Quantizers API
veloxquant_mlx.quantizers
All quantizers implement the Quantizer abstract base class. See Core API for the interface definition.
QuantizerFactory
from veloxquant_mlx.quantizers.base import QuantizerFactory
QuantizerFactory.create
@staticmethod
def create(name: str, **kwargs) -> Quantizer
Create a quantizer by name. Registered names: "turboquant_rvq", "turboquant_mse", "turboquant_prod", "rabitq", "commvq", "polarquant", "qjl", "composite".
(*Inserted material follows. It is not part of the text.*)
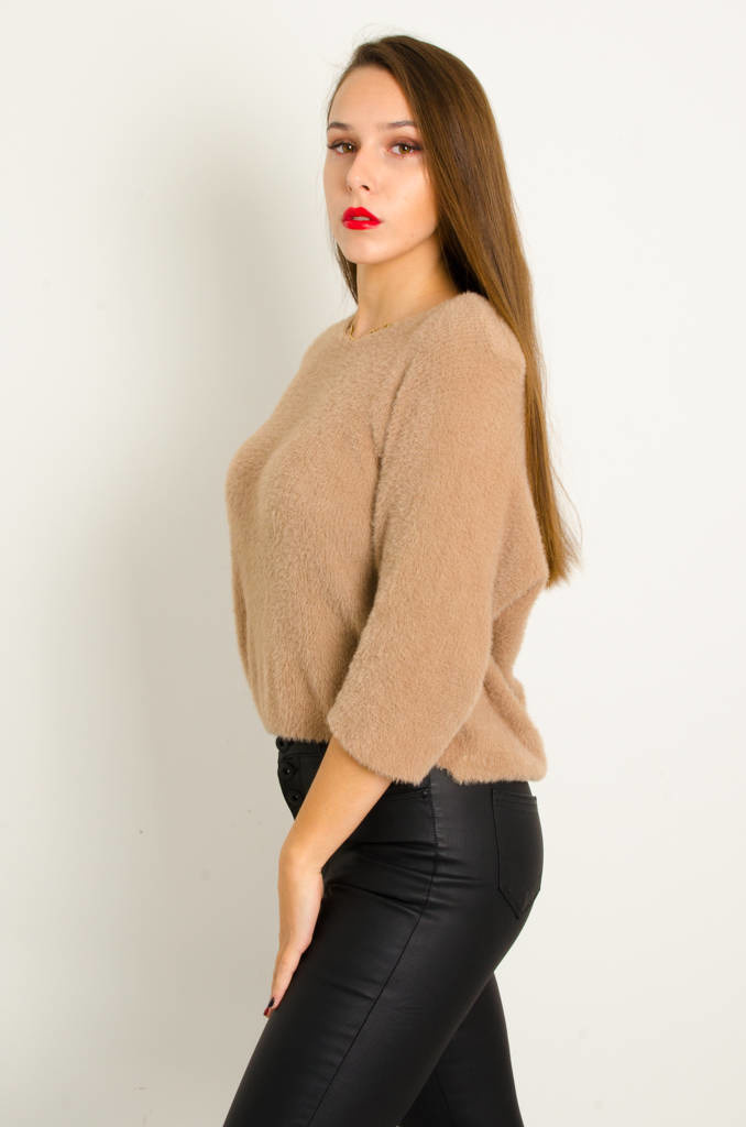 FUTRZANY SWETER NIETOPERZ- BRĄZOWY

quantizer = QuantizerFactory.create("turboquant_rvq", bits=1, num_residuals=2)
TurboQuantRVQ
from veloxquant_mlx.quantizers.turboquant_rvq import TurboQuantRVQ
Two-pass Residual VQ with Gaussian + Laplacian analytical codebooks.
Constructor
TurboQuantRVQ(
bits: int = 1,
num_residuals: int = 2,
use_hadamard: bool = True,
value_bits: int = 2,
)
| Parameter | Type | Default | Description |
|---|---|---|---|
bits | int | 1 | Bits per residual pass |
num_residuals | int | 2 | Number of RVQ passes |
use_hadamard | bool | True | Apply Walsh-Hadamard transform |
value_bits | int | 2 | Value quantization bits |
Methods
def encode(self, keys: mx.array) -> EncodedVector: ...
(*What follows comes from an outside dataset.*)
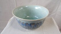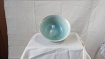 内面はごく薄い緑釉、外側口辺より下の部分に

def decode(self, encoded: EncodedVector) -> mx.array: ...
def encode_values(self, values: mx.array) -> EncodedVector: ...
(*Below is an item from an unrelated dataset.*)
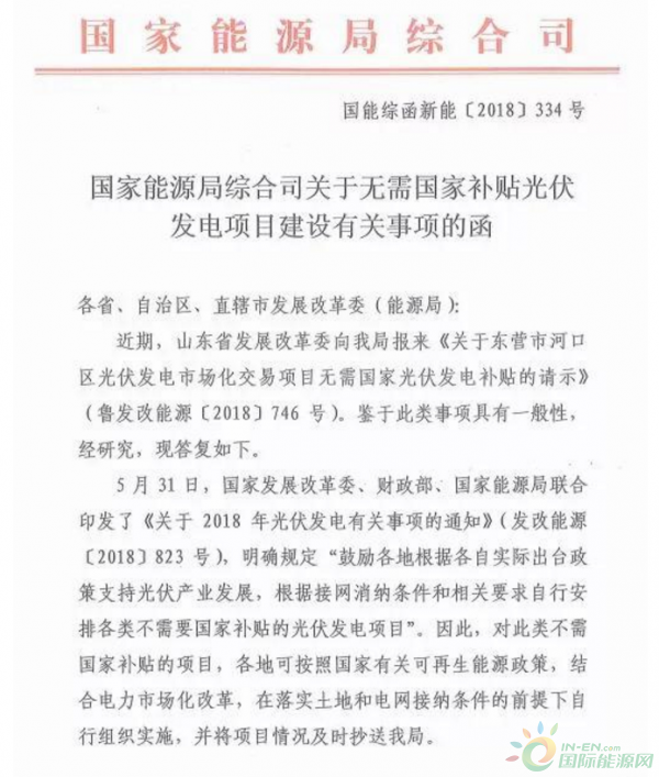 日前,国家能源局下发《关于无需国家补贴光伏发电项目建设有关事项的函》,鼓励各地根据各自实际出台政策支持光伏产业发展,根据接网消纳条件和相关要求自行安排各类不需要国家补贴的光伏发电项目,明确表示“对此类不需要国家补贴的项目,各地可按照国家有关可再生能源政策,结合电力市场化改革,在落实土地和电网接纳条件的前提下自行组织实施。”

def decode_values(self, encoded: EncodedVector) -> mx.array: ...
encode(keys): Takes keys of shape [batch, heads, seq, head_dim]. Returns EncodedVector containing packed bit indices and residual codes.
decode(encoded): Reconstructs approximate keys from EncodedVector. Shape: [batch, heads, seq, head_dim].
import mlx.core as mx
from veloxquant_mlx.quantizers.turboquant_rvq import TurboQuantRVQ
q = TurboQuantRVQ(bits=1, num_residuals=2)
keys = mx.random.normal(shape=(1, 8, 512, 128))
encoded = q.encode(keys)
decoded = q.decode(encoded)
TurboQuantMSE
from veloxquant_mlx.quantizers.turboquant_mse import TurboQuantMSE
MSE-optimal scalar quantization via Lloyd-Max algorithm with rotation. No residual pass.
Constructor
TurboQuantMSE(bits: int = 2, use_hadamard: bool = True)
TurboQuantProd
from veloxquant_mlx.quantizers.turboquant_prod import TurboQuantProd
Product VQ with QJL residual correction. Combines Lloyd-Max scalar centroids with a JL sign sketch for the residual.
Constructor
TurboQuantProd(
bits: int = 2,
residual_sketch_dim: int = 64,
use_hadamard: bool = True,
)
TurboQuantProdAdaptive
from veloxquant_mlx.quantizers.turboquant_prod import TurboQuantProdAdaptive
Adaptive version of TurboQuantProd that dynamically increases bits when observed distortion exceeds a threshold.
TurboQuantProdAdaptive(
base_bits: int = 2,
max_bits: int = 4,
distortion_threshold: float = 0.05,
observer: DistortionObserver | None = None,
)
RaBitQQuantizer
from veloxquant_mlx.quantizers.rabitq import RaBitQQuantizer
Randomised Hadamard + 1-bit sign packing with IVF clustering.
Constructor
RaBitQQuantizer(num_clusters: int = 64, seed: int = 0)
| Parameter | Type | Default | Description |
|---|---|---|---|
num_clusters | int | 64 | Number of IVF clusters |
seed | int | 0 | Random seed for Hadamard sign matrix |
Methods
def encode(self, keys: mx.array) -> EncodedVector: ...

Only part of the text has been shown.